PROBLEM REQUIREMENTS => Pictures are to be left out. Copy exactly, and only, the lines from the start of the entries below to the line with "Borraccia termica da", both included.

[[ RECORDS PROVIDED, beginning ]]

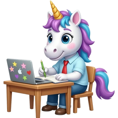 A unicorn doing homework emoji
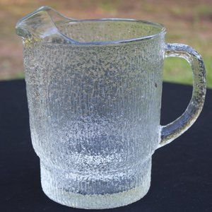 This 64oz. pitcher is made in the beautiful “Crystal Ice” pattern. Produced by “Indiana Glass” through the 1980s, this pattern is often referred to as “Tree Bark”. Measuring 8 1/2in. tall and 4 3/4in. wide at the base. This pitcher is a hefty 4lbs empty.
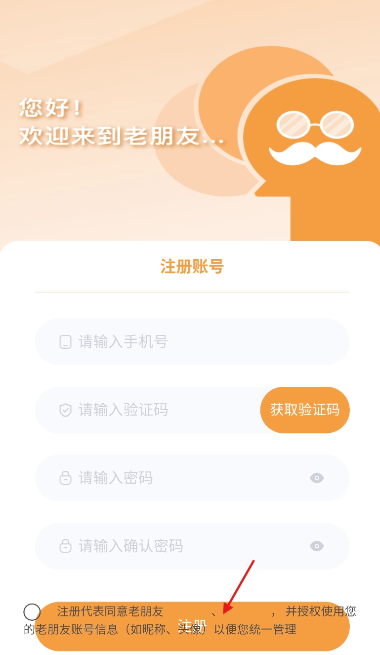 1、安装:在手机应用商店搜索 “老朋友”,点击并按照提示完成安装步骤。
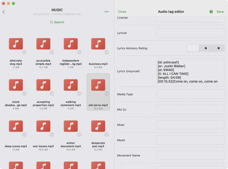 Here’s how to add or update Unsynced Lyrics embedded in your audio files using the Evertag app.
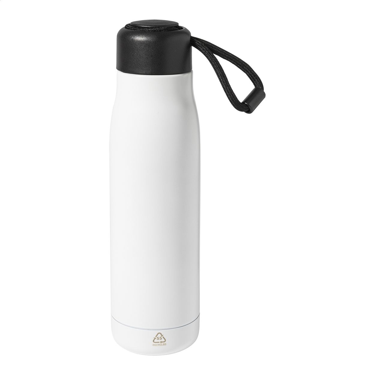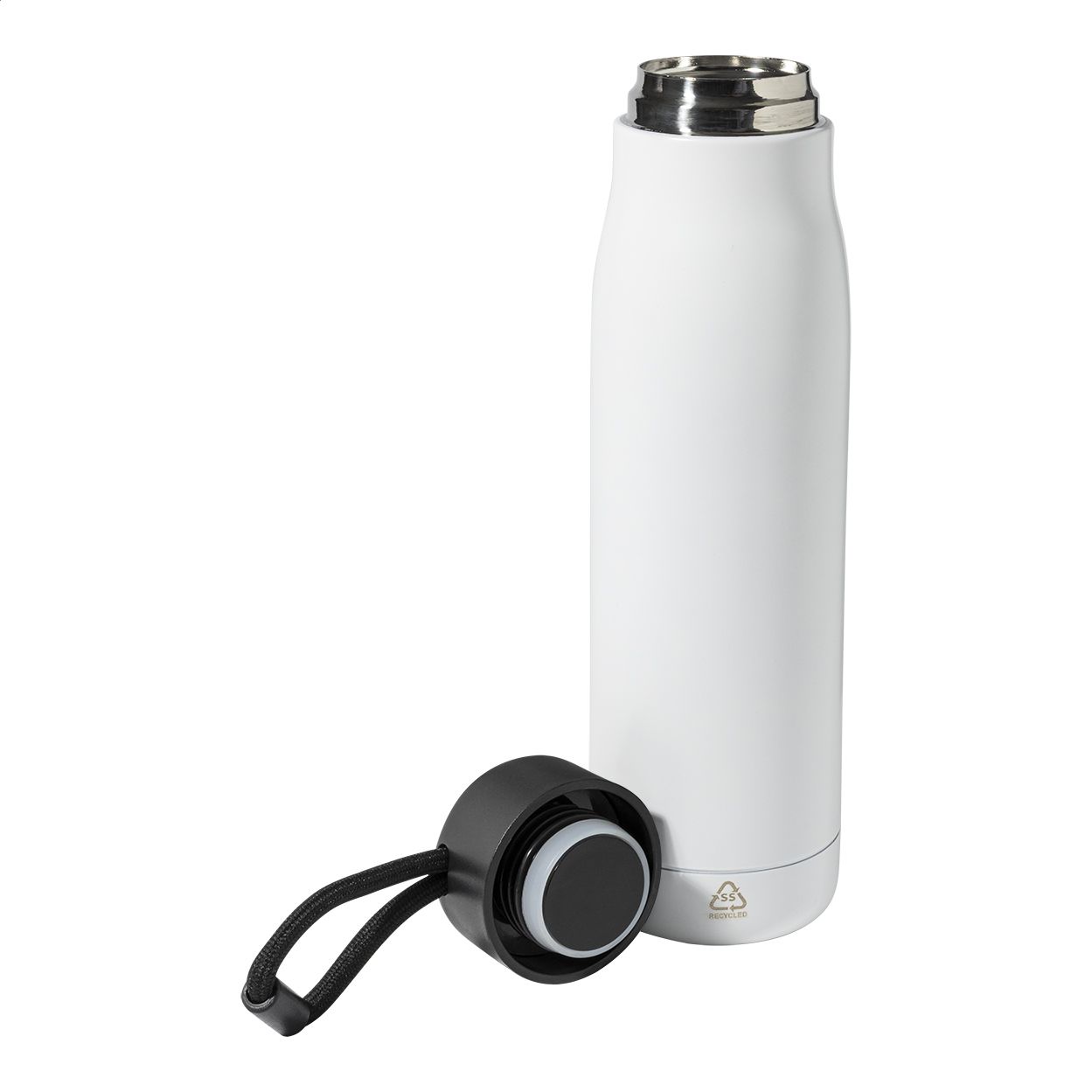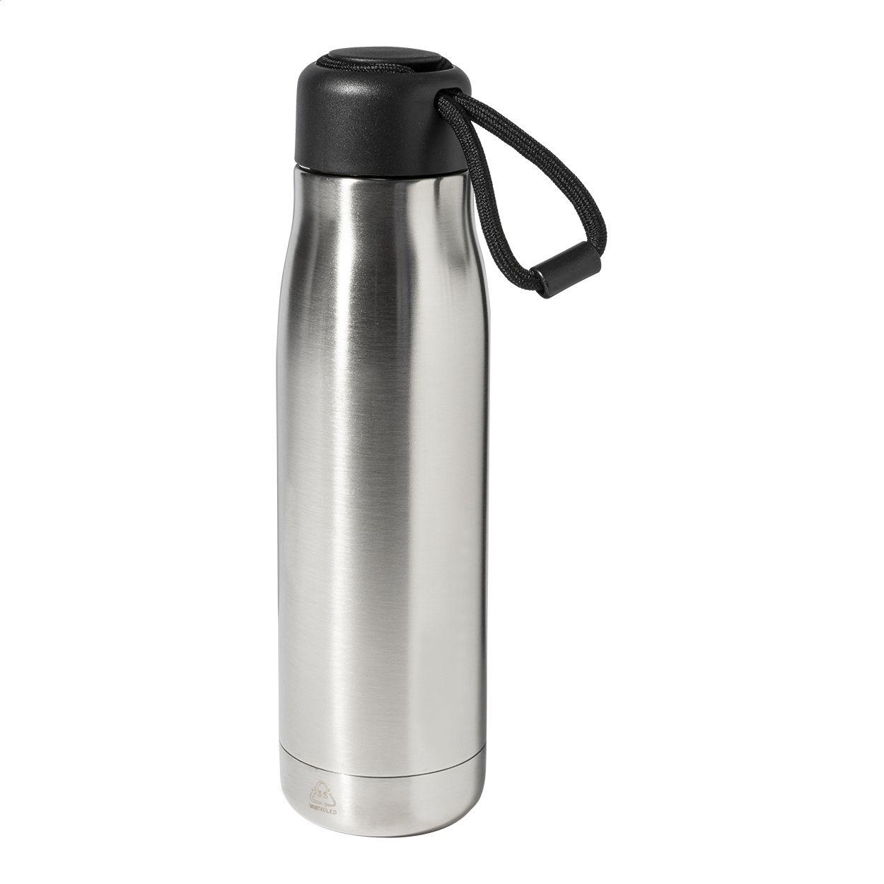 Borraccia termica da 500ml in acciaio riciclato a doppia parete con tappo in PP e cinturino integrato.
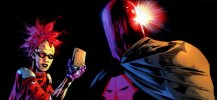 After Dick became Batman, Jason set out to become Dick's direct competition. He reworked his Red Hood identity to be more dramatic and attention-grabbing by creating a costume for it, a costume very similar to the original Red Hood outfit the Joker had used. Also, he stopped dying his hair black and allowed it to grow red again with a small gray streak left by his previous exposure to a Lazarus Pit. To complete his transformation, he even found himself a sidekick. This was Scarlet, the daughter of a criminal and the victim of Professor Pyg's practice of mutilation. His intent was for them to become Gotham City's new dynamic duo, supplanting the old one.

[[ RECORDS PROVIDED, end ]]

ANSWER BOX =>
 A unicorn doing homework emoji
 This 64oz. pitcher is made in the beautiful “Crystal Ice” pattern. Produced by “Indiana Glass” through the 1980s, this pattern is often referred to as “Tree Bark”. Measuring 8 1/2in. tall and 4 3/4in. wide at the base. This pitcher is a hefty 4lbs empty.
 1、安装:在手机应用商店搜索 “老朋友”,点击并按照提示完成安装步骤。
 Here’s how to add or update Unsynced Lyrics embedded in your audio files using the Evertag app.
 Borraccia termica da 500ml in acciaio riciclato a doppia parete con tappo in PP e cinturino integrato.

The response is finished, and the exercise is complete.